There has been a growing move in recent years to reshape our theology and methodology around relationship. Most people who do understand it’s important don’t really have a systematic theology for understanding it. Derek Flood wrote an article that first got me thinking about what a relational theology might look like. A theology based not on legal ideas but a person and his emotional, ferocious story. It would take some time to outline my ideas but here are some thoughts to ponder:
- What if the entire point of your existence was a love relationship with Christ?
- What if sin is not so much disobedience as it is adultery?
- What if everything God has done has been designed to restore our relationship?
- What if a Christian is simply someone who has a love relationship with Jesus Christ?
- What does a “Love Relationship” mean? How does it change you? Can you truly love God without being transformed? What does it look like?
- What if Church was meant to be a big organism with a larger scale love relationship with God?
- What if faith is more about rebuilding trust with the God you abandoned than knowing stuff?
- What if the bible is meant to be more of a letter rather than just a field manual?
- What comes first: loving God or faith or works?
Wouldn’t a Christianity that took these questions seriously look different? You can’t love God without knowing him. You can’t love God without expressing that through works.
Evangelism
Once we start thinking in terms of relationship with God being the thing that makes you Christian our methodology has to change. Evangelism in particular will need to change. How do we evangelise so that we are introducing people to God rather than just convincing them of some ideas? Obviously they do need to know some stuff or they can’t have that relationship at all. They need to know what God was like but then that is just teaching them about God.
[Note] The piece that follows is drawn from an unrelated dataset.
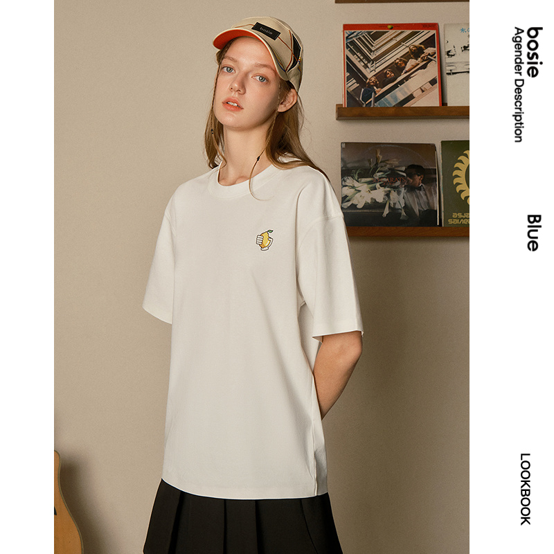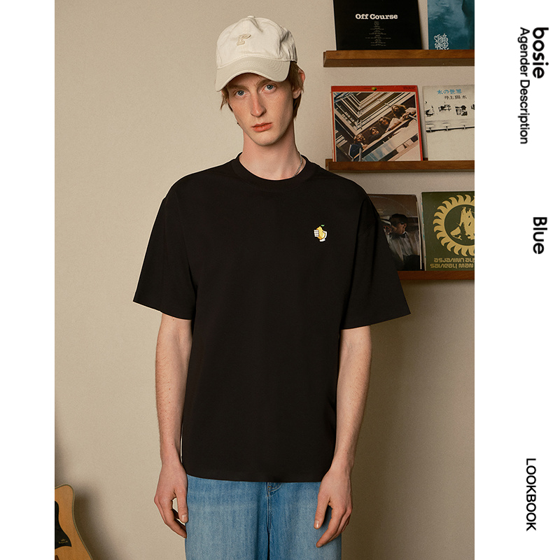 T恤男情侣运动休闲体恤 童趣柠檬印花短袖 bosie伯喜2025年夏季 新款

What they really need is to experience God. That builds relationship. So how do we evangelise as to help people fall in love? A lot of people have, but only many years after they were first “converted”. The fact is most “converts” never build that relationship. That means that our methods are very inefficient.
What are your thoughts?
Very good point you’re making. I myself have been (and still am) dealing with this issue – of basically focusing more on the relationship aspect as opposed to the doing aspect.
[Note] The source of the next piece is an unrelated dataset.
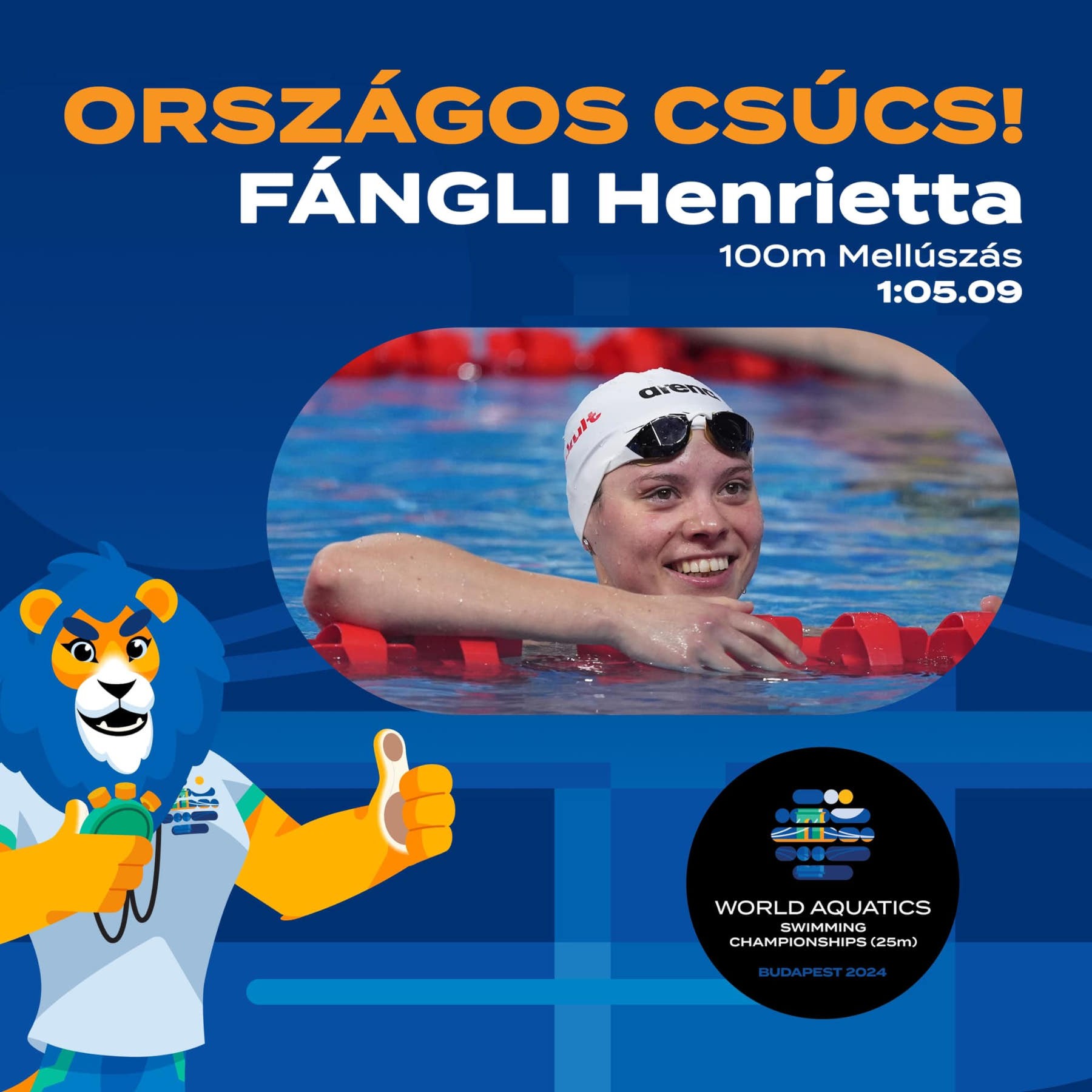 * Egy marosvásárhelyi úszó megdöntötte Hosszú Katinka tíz éve fennálló országos magyar csúcsát: a 23 éves Fángli Henrietta szerda délelőtt, a budapesti rövidpályás világbajnokságon 100 méter mellen 1 perc 5 másodperc 9 századmásodperc alatt teljesítette a távot, ezzel átadta a múltnak Hosszú Katinka 2014-es 1:05.60-as rekordját. Fángli Henrietta első alkalommal úszott magyar színekben, és összesítésben a 17. lett, 12 századdal csúszott ki a középdöntőből, amelynek így ő az első számú tartaléka. A verseny után könnyekkel küszködve nyilatkozta: nagyon hálás a lehetőségért, hogy ott lehet, a családja és a barátai előtt úszhat. Hozzátette: elsősorban nem az időeredményre gondolt, szerette volna megnyerni a futamát, ami sikerült is, ugyanakkor a 17. hely összesítésben némiképpen bosszantja.

It’s like how in the movies the father of the household prefers to just do his job and bring home the bacon, rather than spend time with his family, why? because it’s easy and it’s comfortable for him.
Christianity is all about a relationship and not a set of rules. When we evangelise, we are introducing others into a relationship with God. Sure they need to know about who God is, but the most important point is that God wants to have a relationship with us, to be our friend.
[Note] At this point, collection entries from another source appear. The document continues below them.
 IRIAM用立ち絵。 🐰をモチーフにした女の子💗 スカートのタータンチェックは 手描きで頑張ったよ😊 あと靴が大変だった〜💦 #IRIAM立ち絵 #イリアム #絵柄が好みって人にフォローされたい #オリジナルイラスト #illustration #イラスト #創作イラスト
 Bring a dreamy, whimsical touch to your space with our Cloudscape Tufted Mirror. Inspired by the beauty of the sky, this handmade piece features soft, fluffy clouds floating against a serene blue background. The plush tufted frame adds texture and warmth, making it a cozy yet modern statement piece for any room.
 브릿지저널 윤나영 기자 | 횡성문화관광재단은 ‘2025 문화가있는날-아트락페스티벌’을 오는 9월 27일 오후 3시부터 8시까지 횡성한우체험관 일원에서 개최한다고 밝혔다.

New Christians don’t really get going until a few years later, probably because once they get saved, there’s a lack of following through with that person in building their relationship deeper. You can’t fall in love with someone you just met, unless you follow through and continue to meet that person once in a while or even everyday.
Good reply.
What really makes me think is the “fire and brimstone” teachers. Sure, they get the facts across (maybe…) but isn’t evangelism more than that? They create an image of God that is full of wrath and a lot of their converts take this image with them into the Church. Perhaps focusing on relationship would be easier if we fully understood God’s love rather than lived in fear of his judgment.